Credo che siamo di fronte a una situazione di stabilità con conflitto, dopo l’attacco traumatico per la società venezolana, anche il chavismo sta ridefinendo la propria risposta, provando a ridurre il livello dello scontro con Trump così da dargli una scappatoia politica e farlo smettere di parlare del Venezuela. La situazione continua a essere conflittuale perché l’opposizione ha molto potere come lobby nell’apparato repubblicano e il chavismo continua a essere forte. È una situazione che può evolvere in vari modi e ricordiamoci che a novembre ci sono le elezioni di mezzo mandato per Trump e qualsiasi passo falso all’estero si ripercuote negativamente sul piano interno.

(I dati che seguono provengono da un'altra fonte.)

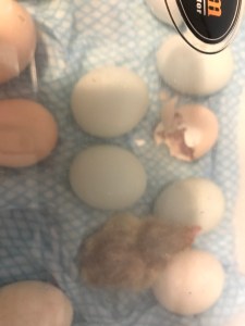 I had pretty much decided that all the eggs had died, when I noticed two were trembling. When I listened, I could hear them, cheeping away inside the eggs. This is always so exciting, knowing that there is a chick inside an egg, and having to wait until it hatches before you can see it—a wrapped gift, hidden from sight. Forced myself to not open incubator again, and to just wait.

Trump recupera la dottrina Monroe: in che cosa l’aggiorna?
L’obiettivo di Trump è quello di un imperialismo di risorse, ossia di un imperialismo che va alla rapina di risorse naturali in spazi geografici importanti, strategici. Il modo utilizzato per realizzare questo obiettivo è un’assoluta novità. Perché Trump cerca di tenere assieme tutti gli strumenti del potere statunitense in una maniera più assertiva, ossia “ti minaccio con i dazi, ti minaccio pubblicamente o provo a intervenire nei processi elettorali, annuncio pubblicamente il dispiegamento militare”. Mentre prima si utilizzavano gli argomenti relativi alla democrazia o alla presenza di armi di distruzione di massa, ora invece Trump esplicita l’obiettivo, come per esempio quello di appropriarsi del petrolio. E utilizza tutti questi strumenti del potere allo stesso tempo.
Che effetti ha l’attacco in Venezuela sul continente latino-americano? E perché questa regione è diventata così strategicamente importante nel mondo?

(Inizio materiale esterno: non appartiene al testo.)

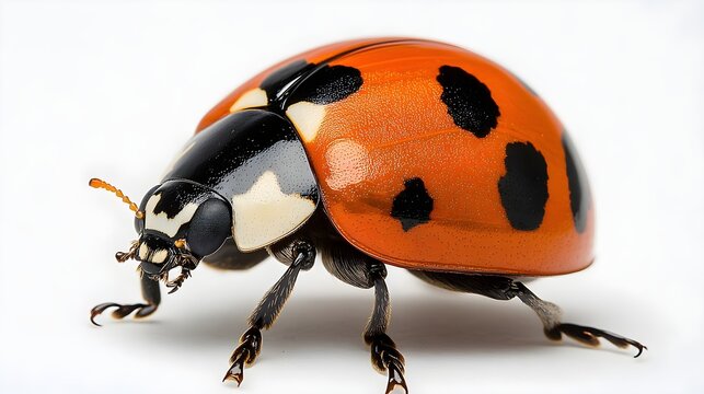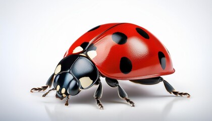 Close up Detailed Image of a Vibrant Ladybug Insect on White Background

Perché secondo la Strategia di Sicurezza Nazionale di Trump, secondo la dottrina Monroe, oggi rinominata Donroe, lo spazio latino americano e le sue risorse naturali sono ciò che permette agli Stati Uniti di competere contro le altre potenze globali, soprattutto la Cina. Non solo per assicurarsi le risorse naturali come Stati Uniti e le sue imprese, ma anche per negare le risorse naturali e il mercato di capitali alle imprese cinesi.

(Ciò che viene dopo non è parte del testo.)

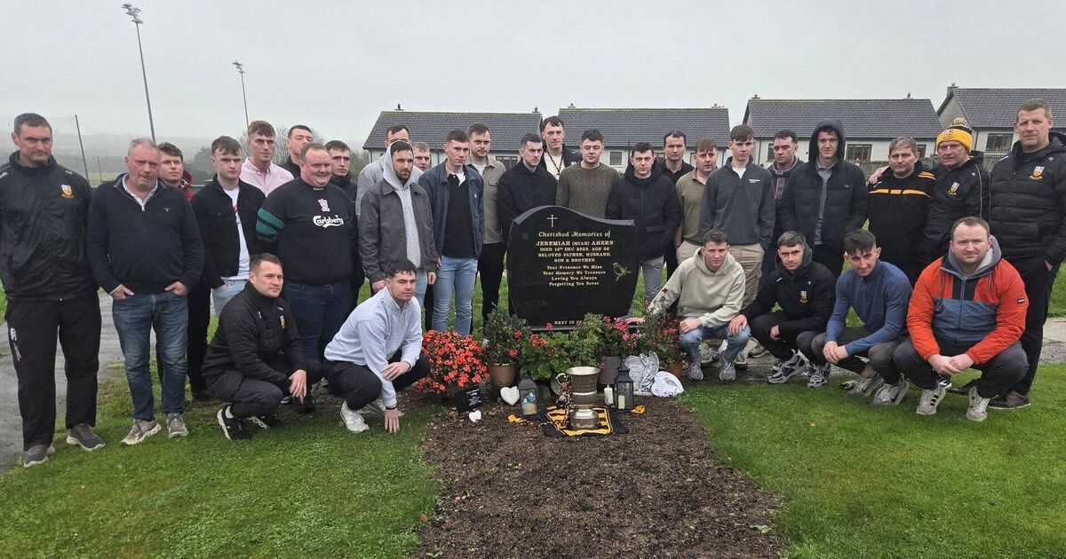 The Buttevant players at the grave of Miah Ahern after winning the Premier JFC title last month.

Che effetti produce l’attacco al Venezuela su quello che conoscevamo come ordine mondiale fondato su regole, diritto internazionale e multilateralismo?
Si dice spesso che c’è una sorta di ripartizione del mondo tra Cina, Russia e Stati Uniti che si muovono un po’ come vogliono, con gli altri paesi a fare da convitati di pietra. Il fatto però è che il mondo non è diviso solo in tre grandi potenze, ma sempre di più c’è l’emersione di Stati intermedi come l’Arabia Saudita, gli Emirati Arabi, Israele, il Giappone, le Filippine, l’India, la Thailandia e che anche queste potenze regionali possono fare lo stesso, non rispettare il diritto internazionale senza soffrire alcun tipo di conseguenza per il fatto di essere alleati di una delle potenze mondiali. E questo porta a un mondo ogni volta più selvaggio, una giungla dove ognuno può fare quello che vuole e prendere il controllo dello spazio geografico che desidera, come in Sudan con la milizia sostenuta da Emirati Arabi o nel genocidio di Gaza operato da Israele. E quello che fanno gli Stati Uniti è formalizzare la sua disponibilità a fare la stessa cosa e ad andare alle ultime conseguenze, attaccando le principali organizzazioni internazionali che potrebbero comminare pene anche simboliche, come la Corte Penale Internazionale. Ossia, rimaniamo nel mondo senza uno spazio che consenta agli Stati più deboli di difendersi ed esercitare la propria sovranità. Questo è molto pericoloso, perché ci porta a conflitti che possono essere sempre più lunghi, profondi e difficili da risolvere pacificamente. Oltretutto in uno dei momenti di maggiore proliferazione di armi nucleari della storia.